◆ **Task to complete**
Only one stretch of the listing below is wanted. Give it again exactly, from the line with "Milieux de terrain" through the line with "顶部搜索栏,输入关键词就能找到书签。可以搜标题,也可以搜网址。".

◆ **Dataset**

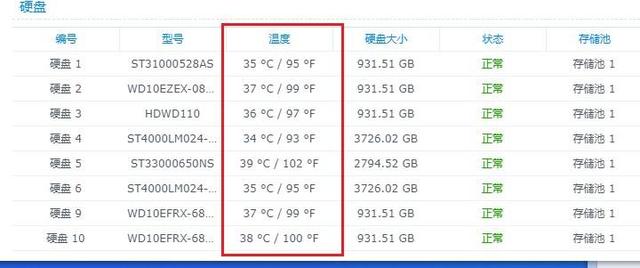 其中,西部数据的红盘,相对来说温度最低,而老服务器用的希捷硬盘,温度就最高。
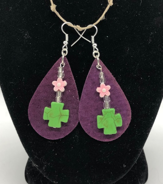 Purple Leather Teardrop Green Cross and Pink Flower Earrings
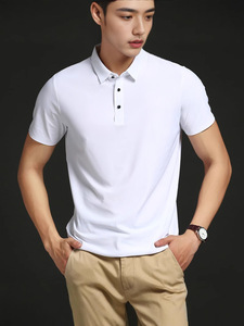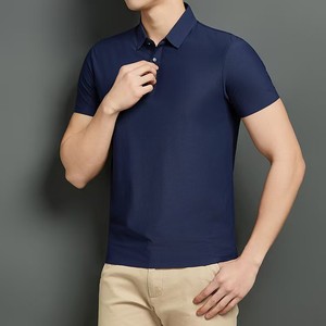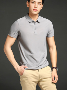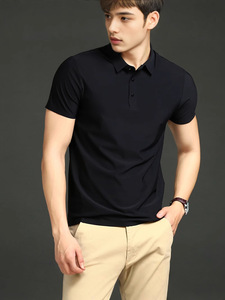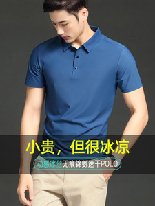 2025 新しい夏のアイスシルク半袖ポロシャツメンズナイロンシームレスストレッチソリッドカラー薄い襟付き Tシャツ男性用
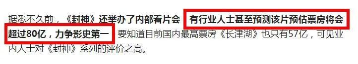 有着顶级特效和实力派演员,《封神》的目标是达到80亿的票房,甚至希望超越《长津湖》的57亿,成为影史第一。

...

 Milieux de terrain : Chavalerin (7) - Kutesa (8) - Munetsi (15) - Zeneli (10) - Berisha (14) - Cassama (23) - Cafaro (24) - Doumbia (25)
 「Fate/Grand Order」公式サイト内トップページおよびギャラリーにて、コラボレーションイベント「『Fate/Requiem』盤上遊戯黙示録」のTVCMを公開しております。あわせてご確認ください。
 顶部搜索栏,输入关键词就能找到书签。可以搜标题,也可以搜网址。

--

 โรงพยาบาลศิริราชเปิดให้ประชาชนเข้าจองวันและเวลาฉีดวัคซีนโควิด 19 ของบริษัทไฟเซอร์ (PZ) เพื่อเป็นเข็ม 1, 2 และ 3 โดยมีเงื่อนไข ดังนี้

◆ **Response for this exercise**
 Milieux de terrain : Chavalerin (7) - Kutesa (8) - Munetsi (15) - Zeneli (10) - Berisha (14) - Cassama (23) - Cafaro (24) - Doumbia (25)
 「Fate/Grand Order」公式サイト内トップページおよびギャラリーにて、コラボレーションイベント「『Fate/Requiem』盤上遊戯黙示録」のTVCMを公開しております。あわせてご確認ください。
 顶部搜索栏,输入关键词就能找到书签。可以搜标题,也可以搜网址。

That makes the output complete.